GIVEN DATA: Begin

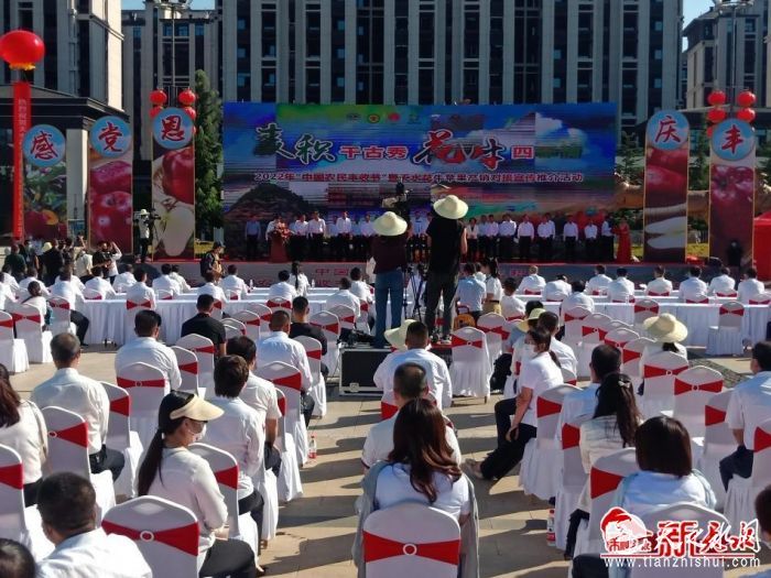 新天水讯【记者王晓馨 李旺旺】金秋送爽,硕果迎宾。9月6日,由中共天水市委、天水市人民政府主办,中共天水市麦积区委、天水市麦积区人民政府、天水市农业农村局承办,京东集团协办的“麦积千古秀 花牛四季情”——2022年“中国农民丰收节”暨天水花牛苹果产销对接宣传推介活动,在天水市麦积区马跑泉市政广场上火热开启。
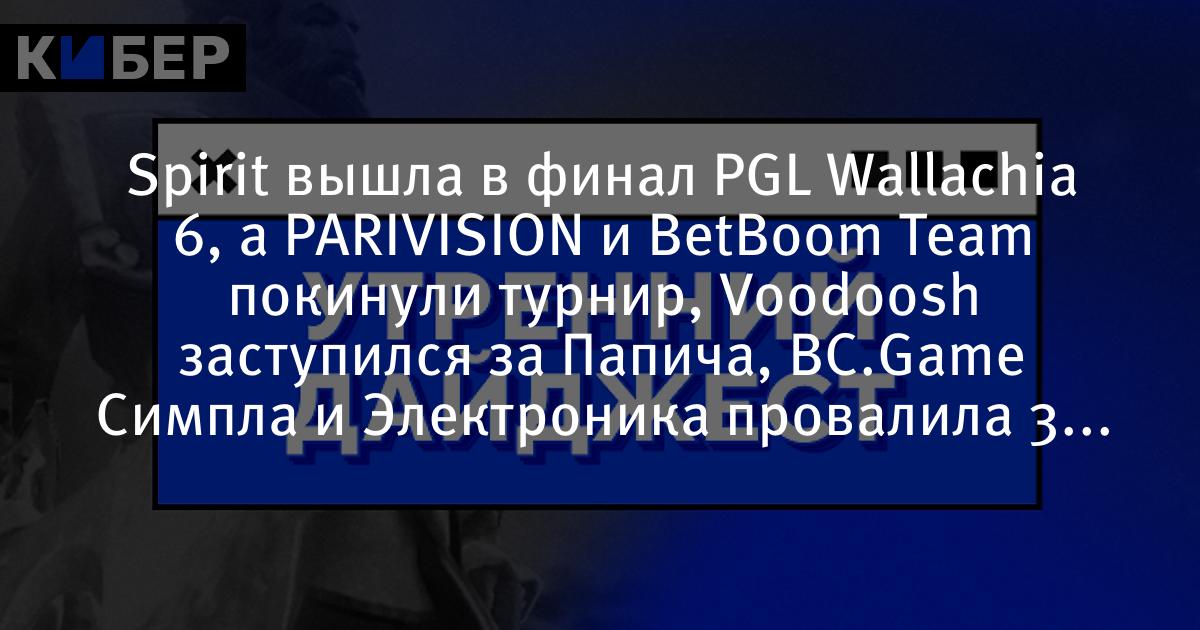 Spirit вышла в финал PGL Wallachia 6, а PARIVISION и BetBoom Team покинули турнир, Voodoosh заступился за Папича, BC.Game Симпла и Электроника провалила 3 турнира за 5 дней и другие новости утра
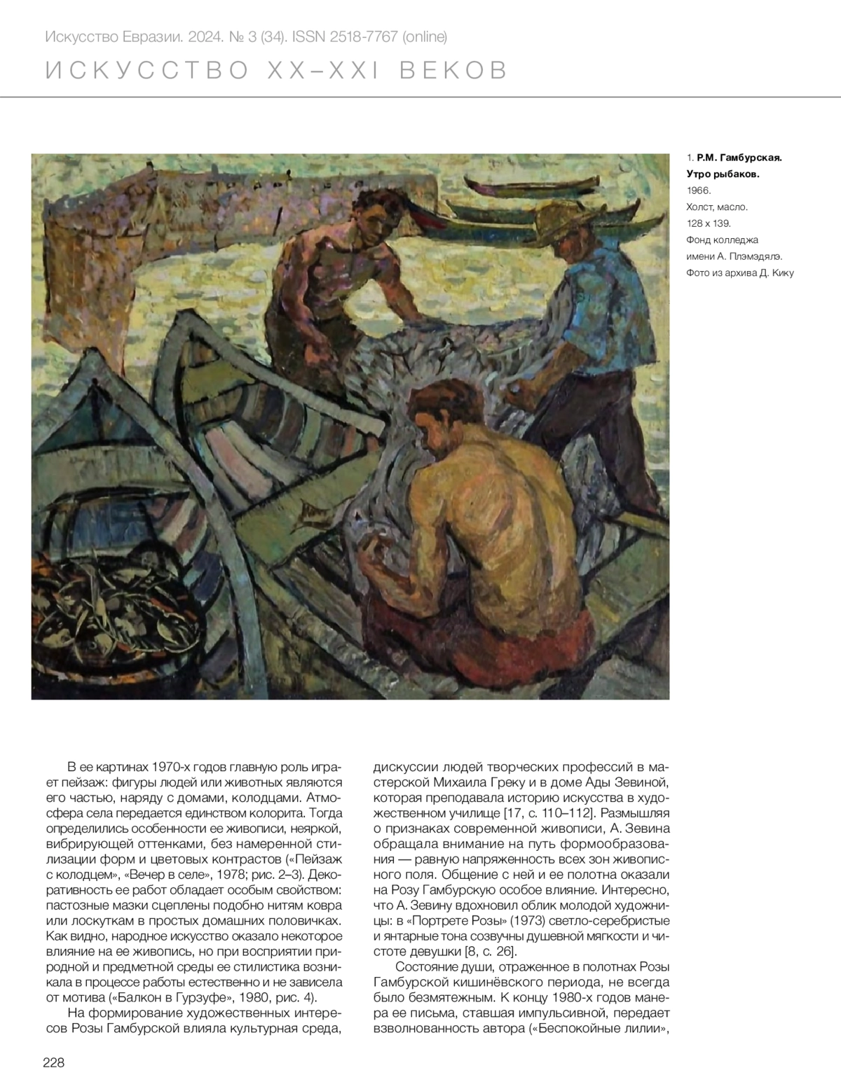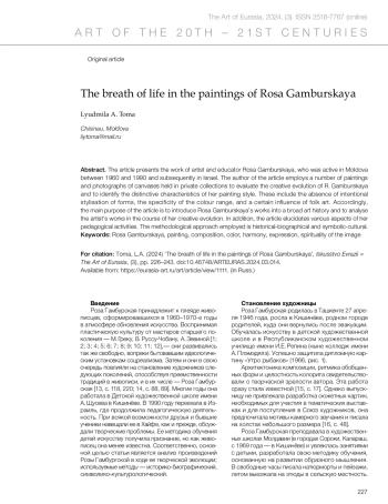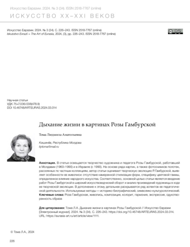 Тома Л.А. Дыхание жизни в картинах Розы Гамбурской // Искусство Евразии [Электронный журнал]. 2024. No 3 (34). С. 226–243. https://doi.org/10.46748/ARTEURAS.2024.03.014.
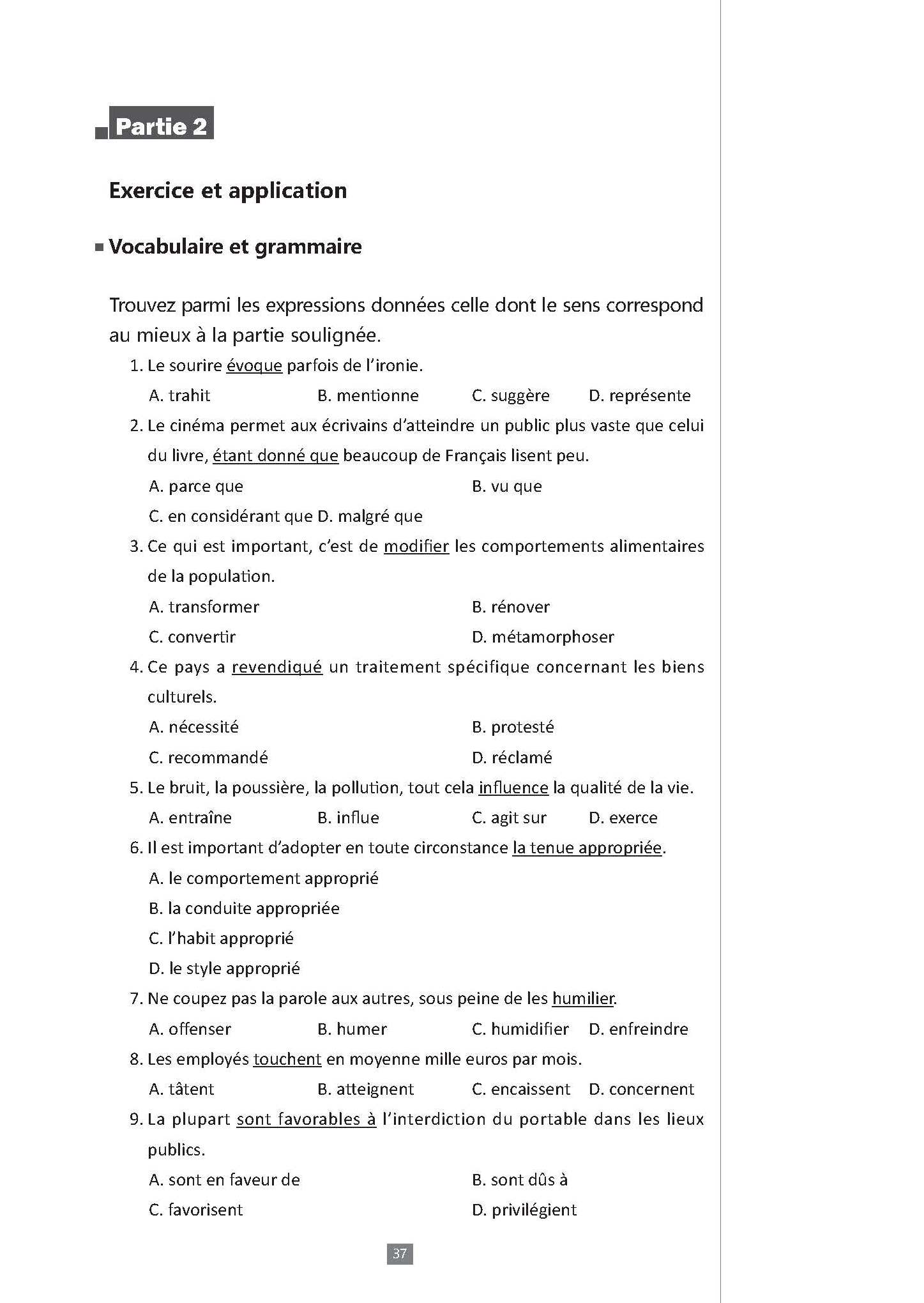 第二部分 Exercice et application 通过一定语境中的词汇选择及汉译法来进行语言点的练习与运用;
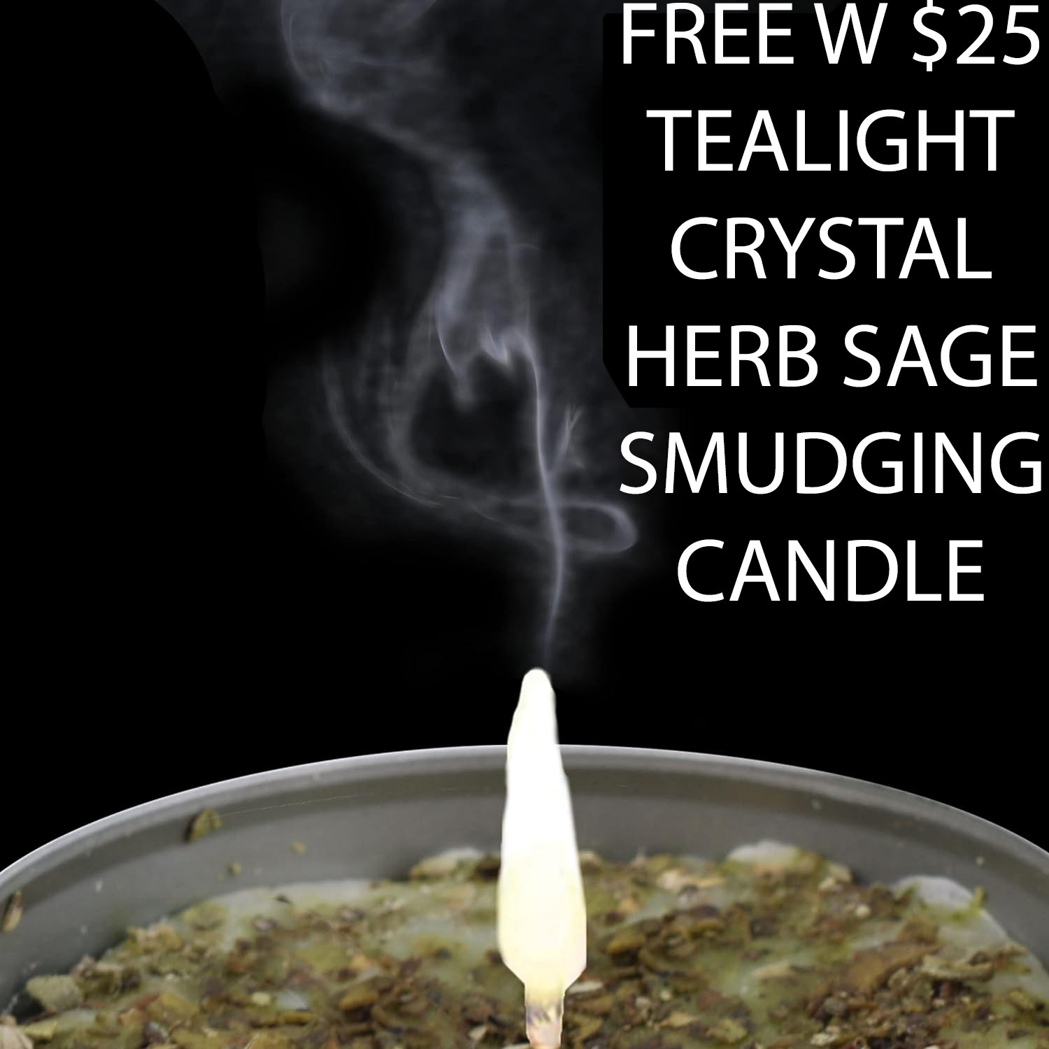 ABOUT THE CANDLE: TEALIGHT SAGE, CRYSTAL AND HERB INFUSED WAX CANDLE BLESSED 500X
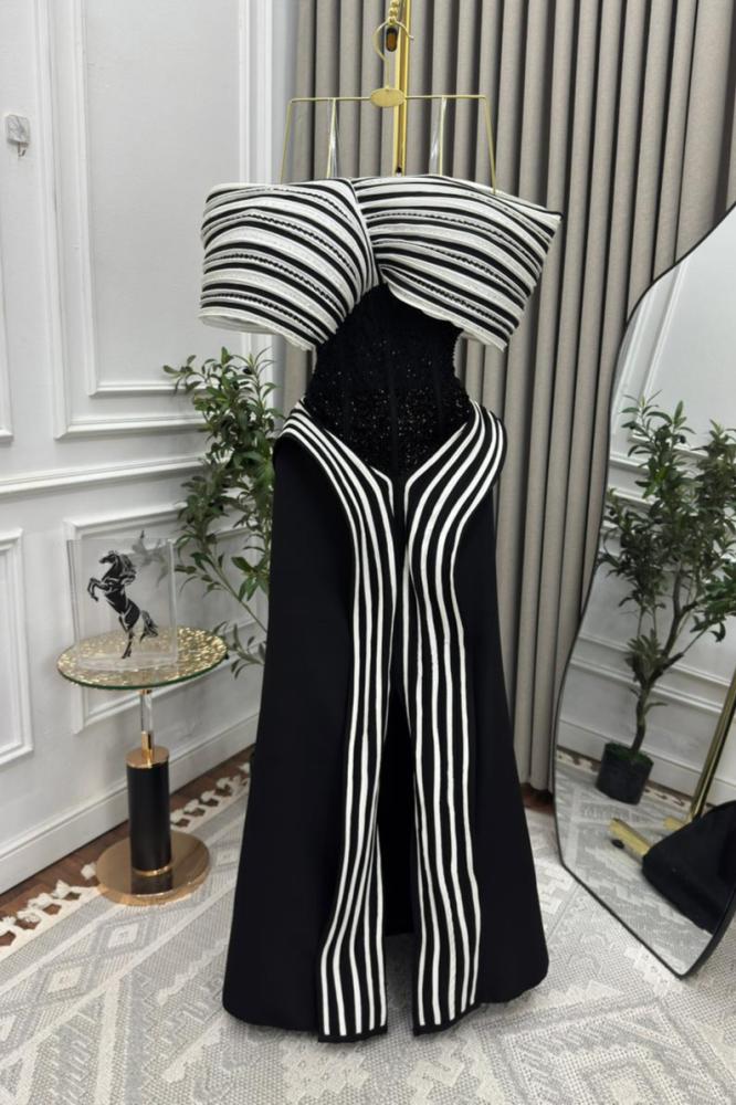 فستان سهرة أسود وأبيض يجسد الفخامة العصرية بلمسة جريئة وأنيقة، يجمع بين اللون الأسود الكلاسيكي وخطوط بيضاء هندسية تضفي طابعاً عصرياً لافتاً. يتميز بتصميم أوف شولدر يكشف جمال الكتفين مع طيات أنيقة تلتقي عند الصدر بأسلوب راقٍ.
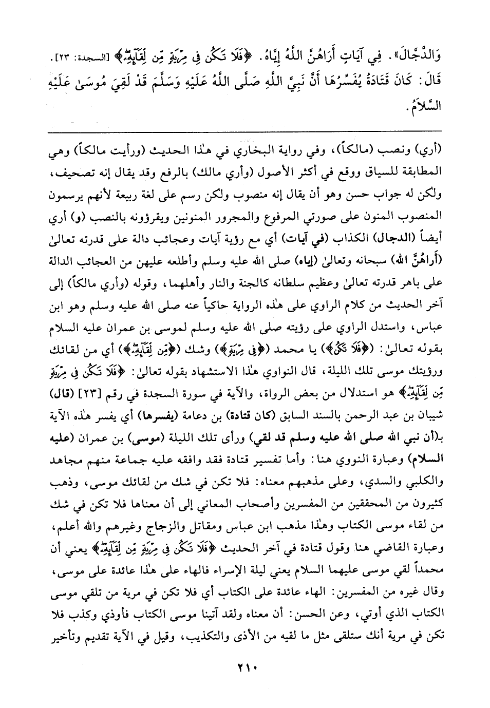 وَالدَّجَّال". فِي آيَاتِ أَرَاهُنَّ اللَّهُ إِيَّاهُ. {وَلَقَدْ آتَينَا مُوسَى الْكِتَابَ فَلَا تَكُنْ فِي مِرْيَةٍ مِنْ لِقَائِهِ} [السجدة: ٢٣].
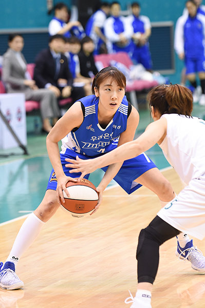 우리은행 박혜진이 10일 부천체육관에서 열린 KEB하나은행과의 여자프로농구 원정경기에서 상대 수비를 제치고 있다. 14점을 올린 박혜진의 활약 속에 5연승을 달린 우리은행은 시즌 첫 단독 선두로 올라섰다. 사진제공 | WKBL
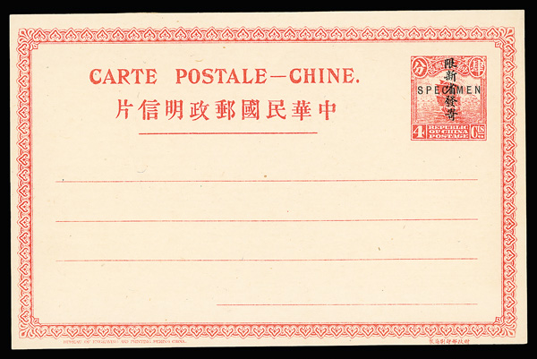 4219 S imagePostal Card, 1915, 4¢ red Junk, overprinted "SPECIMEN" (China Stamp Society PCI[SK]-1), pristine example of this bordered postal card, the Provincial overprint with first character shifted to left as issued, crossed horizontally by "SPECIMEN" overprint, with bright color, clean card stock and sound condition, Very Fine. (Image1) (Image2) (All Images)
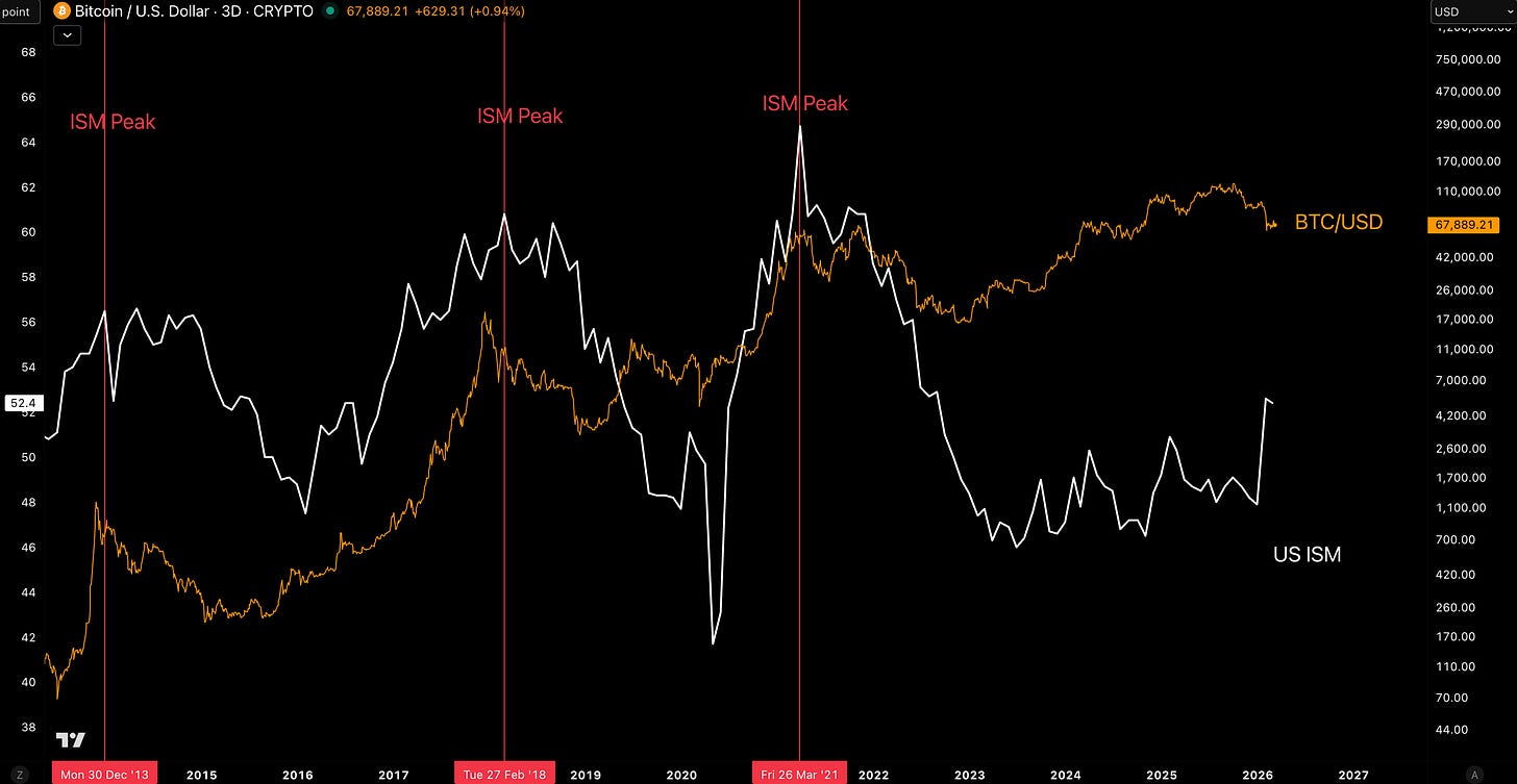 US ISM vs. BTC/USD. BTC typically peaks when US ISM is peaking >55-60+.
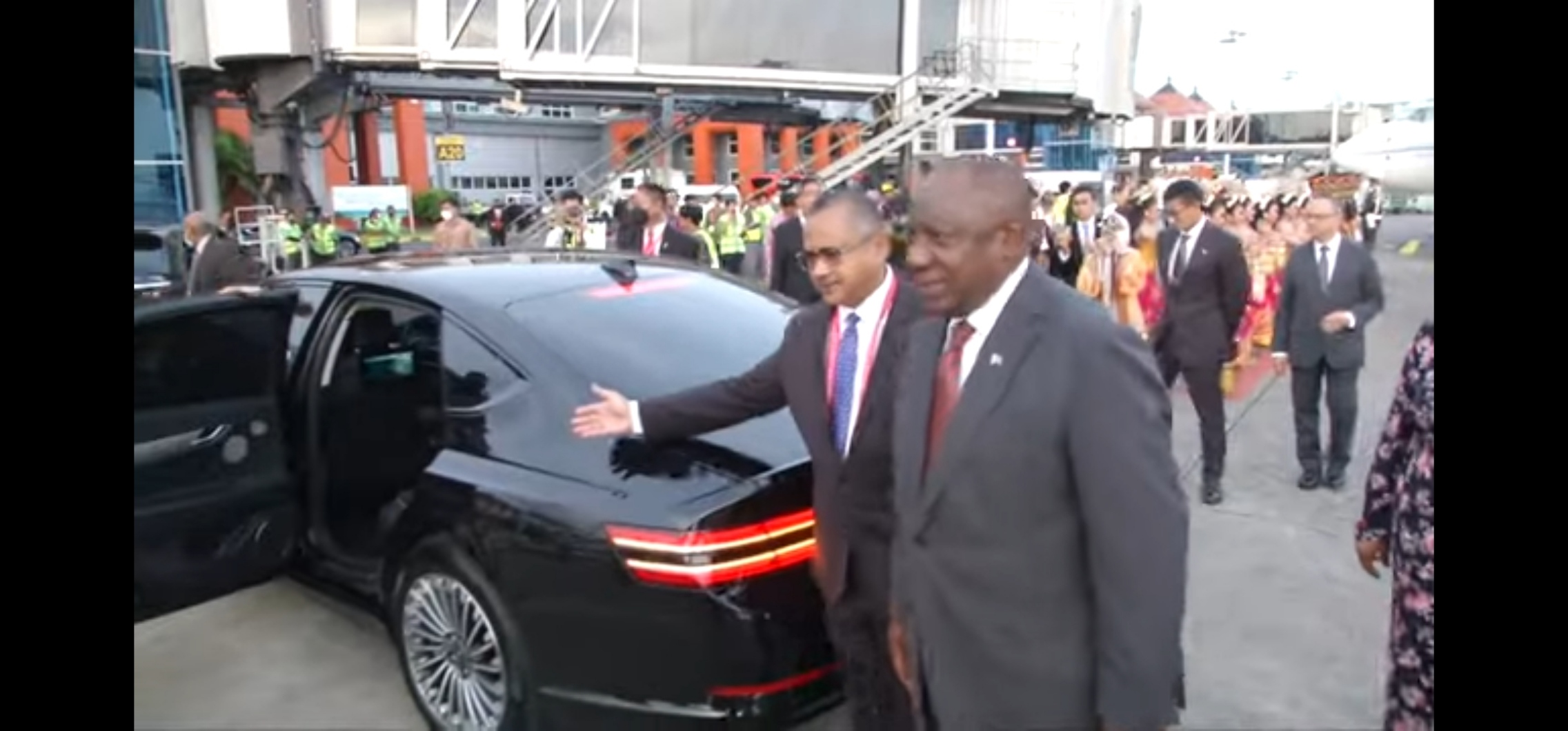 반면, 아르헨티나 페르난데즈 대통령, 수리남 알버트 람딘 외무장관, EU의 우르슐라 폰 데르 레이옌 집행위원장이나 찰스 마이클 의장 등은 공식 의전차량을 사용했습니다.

GIVEN DATA: End

§ WORK REQUIRED
What is needed is an exact copy of the lines above, from the one holding "第二部分 Exercice et" down to the one holding "4219 S imagePostal", with those two included and the pictures left out.

§ PROBLEM SOLUTION
 第二部分 Exercice et application 通过一定语境中的词汇选择及汉译法来进行语言点的练习与运用;
 ABOUT THE CANDLE: TEALIGHT SAGE, CRYSTAL AND HERB INFUSED WAX CANDLE BLESSED 500X
 فستان سهرة أسود وأبيض يجسد الفخامة العصرية بلمسة جريئة وأنيقة، يجمع بين اللون الأسود الكلاسيكي وخطوط بيضاء هندسية تضفي طابعاً عصرياً لافتاً. يتميز بتصميم أوف شولدر يكشف جمال الكتفين مع طيات أنيقة تلتقي عند الصدر بأسلوب راقٍ.
 وَالدَّجَّال". فِي آيَاتِ أَرَاهُنَّ اللَّهُ إِيَّاهُ. {وَلَقَدْ آتَينَا مُوسَى الْكِتَابَ فَلَا تَكُنْ فِي مِرْيَةٍ مِنْ لِقَائِهِ} [السجدة: ٢٣].
 우리은행 박혜진이 10일 부천체육관에서 열린 KEB하나은행과의 여자프로농구 원정경기에서 상대 수비를 제치고 있다. 14점을 올린 박혜진의 활약 속에 5연승을 달린 우리은행은 시즌 첫 단독 선두로 올라섰다. 사진제공 | WKBL
 4219 S imagePostal Card, 1915, 4¢ red Junk, overprinted "SPECIMEN" (China Stamp Society PCI[SK]-1), pristine example of this bordered postal card, the Provincial overprint with first character shifted to left as issued, crossed horizontally by "SPECIMEN" overprint, with bright color, clean card stock and sound condition, Very Fine. (Image1) (Image2) (All Images)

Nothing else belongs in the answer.